Steps to reproduce the issue:

This is a feature request not an issue.

I would like to be able to take a snapshot of the cluster and reuse it for CI for a faster boot time. I have functional tests that run on a minikube cluster but the tests require installation of a bunch of software, e.g. ingress-nginx, cert-manager etc. I'm wondering whether there is a way to "pre-burn" a minikube image by taking a snapshot of a running cluster. The image includes a version of the minikube k8s and software that I install on it. The image is then used in CI to avoid reinstalling all the basic software every time. This would immensely shorten the CI time.

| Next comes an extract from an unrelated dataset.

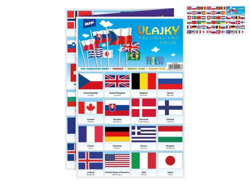 PEXESO je populárna detská stolová hra, ktorá nikdy neomrzí a zapojiť sa môžu aj dospelí. Pexeso - vlajky - je vhodné pre deti, ktoré sa chcú naučiť rozoznávať jednotlivé vlajky štátov a baví ich zemepis, 32 obrázkových dvojíc. Rozmer nerozstrihaného pexesa zloženého do zošita: 21 x 30 cm Vhodné od 3 rokov
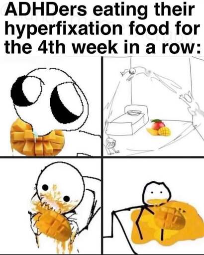A month or so ago all I wanted to eat was mangoes, then the adhd goblin told me that mangoes are too hard and I moved on to microwave hamburgers.

Full output of failed command:

N/A

Full output of minikube start command used, if not already included:

N/A

Optional: Full output of minikube logs command:

N/A

@afbjorklund
Copy link
Collaborator

Did you check out the minikube cache command already ?

@owenthereal
Copy link
Author

minikube cache adds/deletes/loads an image to/from minikube. What I wanted is to burn the whole cluster with software that I install into the cluster as an image so that it can be reused elsewhere, e.g. CI.

@tstromberg tstromberg added the kind/feature Categorizes issue or PR as related to a new feature. label Dec 18, 2020
@afbjorklund
Copy link
Collaborator

afbjorklund commented Dec 20, 2020

You did not mention what platform and driver this was for. I'm not sure the "pause" feature will survive such a "burn"...

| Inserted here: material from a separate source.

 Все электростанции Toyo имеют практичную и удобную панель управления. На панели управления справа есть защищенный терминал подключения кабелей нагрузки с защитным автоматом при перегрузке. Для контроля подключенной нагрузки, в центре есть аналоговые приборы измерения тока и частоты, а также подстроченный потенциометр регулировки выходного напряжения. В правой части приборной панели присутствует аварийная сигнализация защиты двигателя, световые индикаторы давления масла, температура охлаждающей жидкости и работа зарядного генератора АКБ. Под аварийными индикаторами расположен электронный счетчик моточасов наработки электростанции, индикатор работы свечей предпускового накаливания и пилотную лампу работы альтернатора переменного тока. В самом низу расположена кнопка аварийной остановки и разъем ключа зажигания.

We talked about adding the suspend/resume feature earlier, but ended up adding the pause/unpause feature instead.
In theory the VirtualBox driver should support it, but I have only done it locally - and there is no minikube support for it

There might be other "kubernetes backup" software, to take snapshots of running clusters. Maybe they can be integrated.

@afbjorklund afbjorklund added the triage/discuss Items for discussion label Dec 20, 2020
@owenthereal
Copy link
Author

owenthereal commented Dec 20, 2020

You did not mention what platform and driver this was for

I'm looking for this feature for Linux with the Docker driver mainly. A quick google shows that it is possible and easy to do: https://stackoverflow.com/questions/26331651/how-can-i-backup-a-docker-container-with-its-data-volumes.

Regarding other drivers, most of them should have the feature of snapshotting or suspending/resuming as you mentioned.

There might be other "kubernetes backup" software, to take snapshots of running clusters. Maybe they can be integrated.

I would love to see the integration of such software. Any pointers?

@afbjorklund
Copy link
Collaborator

Something like https://github.com/vmware-tanzu/velero perhaps ?

@k8s-ci-robot k8s-ci-robot added the kind/support Categorizes issue or PR as a support question. label Dec 23, 2020
@owenthereal
Copy link
Author

I checked https://github.com/vmware-tanzu/velero and it's cloud provider specific. I'm unclear how that would apply for minikube.

@medyagh
Copy link
Member

medyagh commented Jan 6, 2021

this is a good idea ! we have plans to explore the idea of freezing a cluster to potentially start minikube faster with a frozen cluster.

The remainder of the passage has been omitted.